With it all, I felt like I had a voice. While I was too young to participate in Freedom Summer, I wasn’t too young to be an activist in Berkeley politics, women’s marches, or in demonstrating against the Viet Nam War. And in more recent years, the idea that I could make a difference kept me showing up, whether for climate change, school shootings and gun control, and most recently the protests against all things related to ICE and the demolition of our democracy.
But truth be told, I don’t have the optimism that I once did. Robert B. Hubbell exhorts us to keep showing up, that it makes a difference, and he and Rachel Maddow post the pictures of people across America holding signs, I don’t know anymore. I chide myself for not doing more but then I’m not sure what the “more” is.
In a Substack post dated Jan. 24, 2026, Leona Waller suggests that if every American did three of five things she lists, ICE “would be stopped in its tracks.”
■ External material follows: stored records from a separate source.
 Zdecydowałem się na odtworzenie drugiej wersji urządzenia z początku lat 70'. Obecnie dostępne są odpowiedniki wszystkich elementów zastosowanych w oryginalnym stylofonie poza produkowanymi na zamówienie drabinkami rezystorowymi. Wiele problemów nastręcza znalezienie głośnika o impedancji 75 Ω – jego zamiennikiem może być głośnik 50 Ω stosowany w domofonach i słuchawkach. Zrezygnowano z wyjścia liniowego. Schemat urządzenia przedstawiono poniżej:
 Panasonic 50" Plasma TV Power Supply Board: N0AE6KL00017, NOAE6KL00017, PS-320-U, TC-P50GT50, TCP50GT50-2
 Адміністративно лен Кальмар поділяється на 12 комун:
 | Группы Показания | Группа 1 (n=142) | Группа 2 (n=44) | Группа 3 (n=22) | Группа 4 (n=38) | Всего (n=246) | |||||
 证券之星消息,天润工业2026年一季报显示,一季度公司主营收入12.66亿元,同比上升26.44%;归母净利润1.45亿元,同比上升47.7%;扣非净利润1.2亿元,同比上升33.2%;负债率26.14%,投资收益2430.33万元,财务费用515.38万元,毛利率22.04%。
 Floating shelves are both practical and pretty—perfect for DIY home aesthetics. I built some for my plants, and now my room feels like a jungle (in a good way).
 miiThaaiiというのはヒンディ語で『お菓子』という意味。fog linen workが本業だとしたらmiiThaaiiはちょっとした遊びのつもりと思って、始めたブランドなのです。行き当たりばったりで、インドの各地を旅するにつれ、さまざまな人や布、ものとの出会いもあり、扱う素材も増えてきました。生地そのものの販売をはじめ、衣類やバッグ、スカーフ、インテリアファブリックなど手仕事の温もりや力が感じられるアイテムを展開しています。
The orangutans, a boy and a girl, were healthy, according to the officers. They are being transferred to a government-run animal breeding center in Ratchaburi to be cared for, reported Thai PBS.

These things in summary are:
Call your senators every day until January 30th to defund Ice
Donate to legal funds supporting immigrants and ICE detainees
Divest from companies that support ICE–Home Depot, Target, Hilton Hotels, all things Amazon including Whole Foods and AWS
Get ready for ICE to show up in your ‘hood
Do a lit drop-at stores, slip under doors, car windshields
For me the first and second items are the easiest and are done. Done. And I’m ready for ICE to show up. I’ve got the number to call. I have to think about the fifth item just because I find that kind of “intervention” annoying when I’m the recipient, so why would I want to do it? It’s the third that’s the trickiest. I boycott Amazon, but AWS is omnipresent. Even Substack utilizes some of Amazon’s web services to keep its engine running. How many of us are ready to close up Substack shop?
So making an impact gets more difficult because we, because I, have become dependent on these entities. It’s one thing to take to the streets and hold up a sign, but it’s something else to disengage from an operation that has become an integral part of our everyday lives. I don’t know how much personal disruption I’m willing or ready to experience.
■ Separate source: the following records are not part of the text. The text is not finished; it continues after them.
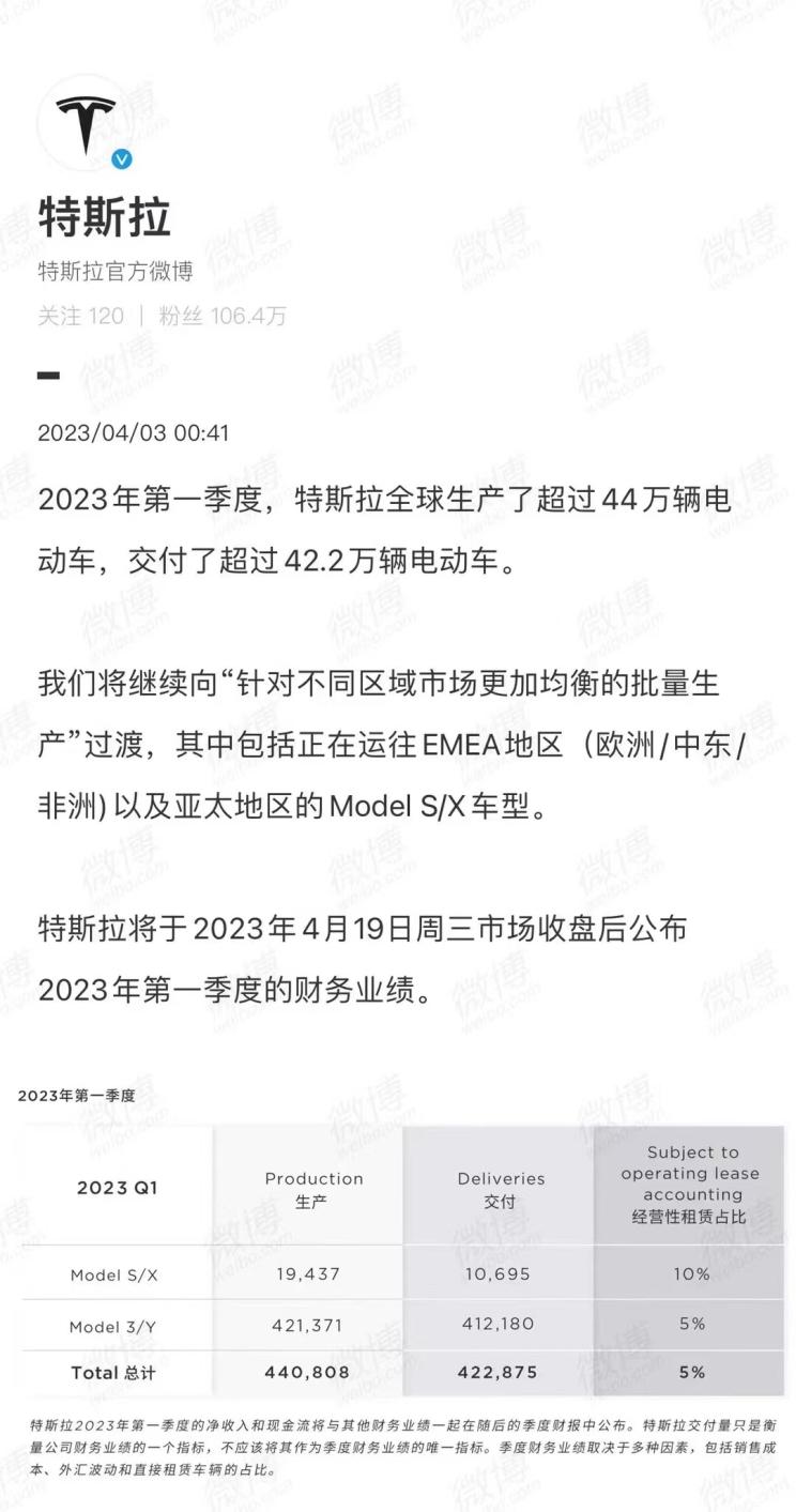 [本站 资讯] 4月3日,特斯拉官方公布其2023年一季度交付成绩。具体来看,特斯拉全球生产了超过44万辆电动车,交付了超过42.2万辆电动车。同时,特斯拉将于2023年4月19日周三市场收盘后公布2023年第一季度的财务业绩。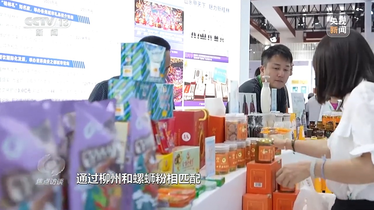 廣西壯族自治區(qū)商務(wù)廳工作人員 李春穎:往年我們都是桂茶、桂酒、桂藝,我們這一次想增加城市烙印,就選擇了六個區(qū)域消費培育試點城市,讓城市跟物品相掛鉤。我們通過柳州和螺螄粉相匹配,桂林和桂林有名的文創(chuàng)相匹配。展會可能是一個星期、一個時間段,通過展會引導(dǎo)消費者來到我們的城市,感受消費,全年消費。
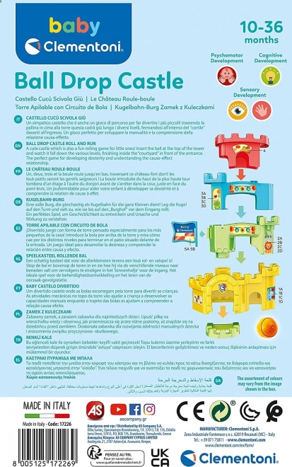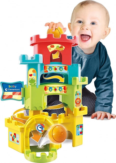 Zbuduj kolorowy zamek i obserwuj, jak piłeczka toczy się po trasie wewnątrz wież i wzdłuż murów. Umieszczenie piłeczki na szczycie wieży uruchamia zabawną jazdę po różnych poziomach – dzieci przy tym naturalnie ćwiczą małą motorykę i koordynację ruchową.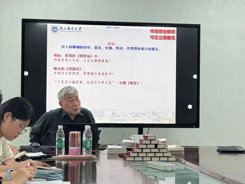李雷教授讲课幽默风趣,用文理结合的思想带领大家走进诗词。他剖析了诗词与科研、与人生的紧密联系,叙述了诗词所具有的表达、反映、服务三大功能,指出学诗可以情飞扬、志高昂、人灵秀。李教授呼吁南邮人能够从诗词中培养想象力,培养创新精神,为科技创新和社会发展贡献力量。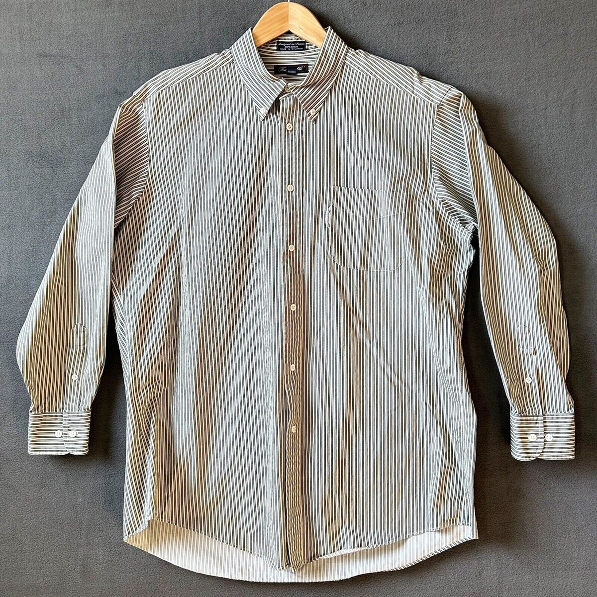 Faconnable Striped Cotton Button Shirt Long Sleeve Yellow Blue-Men's Size 17.5L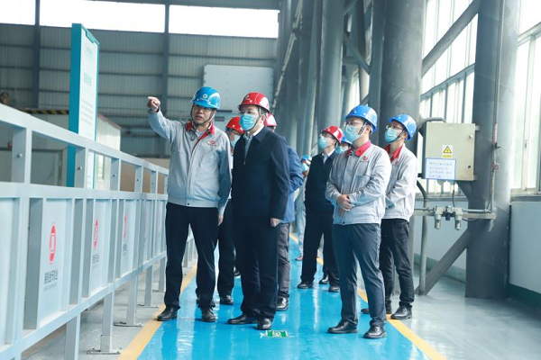 李勇在湘投金天钛业生产一线了解产品研发和产销情况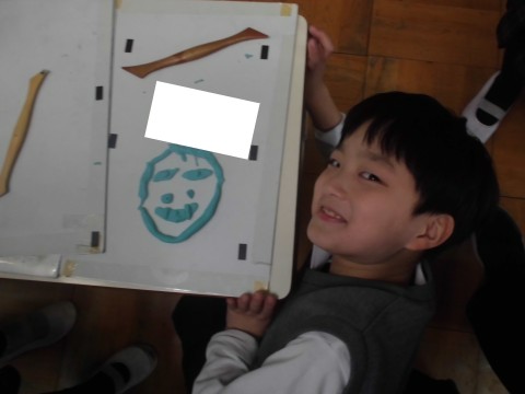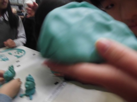 ねんどをつかった実験後、休み時間はねんど遊び。

I returned to New York City from Berkeley in the early 1970s, and was working with criminal lawyers who arranged for the work release of a woman from Bedford Hills Correctional Facility. A member of the Weather Underground, she was serving time for the attempted firebombing of a bank located in an affluent neighborhood of the city. We became besties—I was flattered by her friendship because she was committed in a way I hadn’t been, even if I didn’t know whether firebombing was the answer.
In her memoir Radical Descent (2014) Linda Coleman wrote about her experience joining a radical Weather Underground-style guerilla cell during the 1970s. She raises the questions I had more than forty years ago–and that I still have–about how to effect change. In the introduction she notes the ongoing relevance of the issues that drove her protest, and reaffirms her commitment to the issues that propelled her activities in the 1970s. However, now a Zen Buddhist who has taken her vows, and committed to nonviolence, Coleman remains unclear about what works to bring about social transformation.
Today, thankfully, I think, firebombing isn’t on the agenda. Then and now, I don’t know what the answer is.
Renée Nicole Good and Alex Pretti knew that they had to show up. I doubt that either of them expected to die. Why should they have?







Great post! Had me thinking all day and gave me courage to get more pointedly political in my posts. Thank you.
Well articulated concerns. Certainty on best actions let alone results still elusive for me.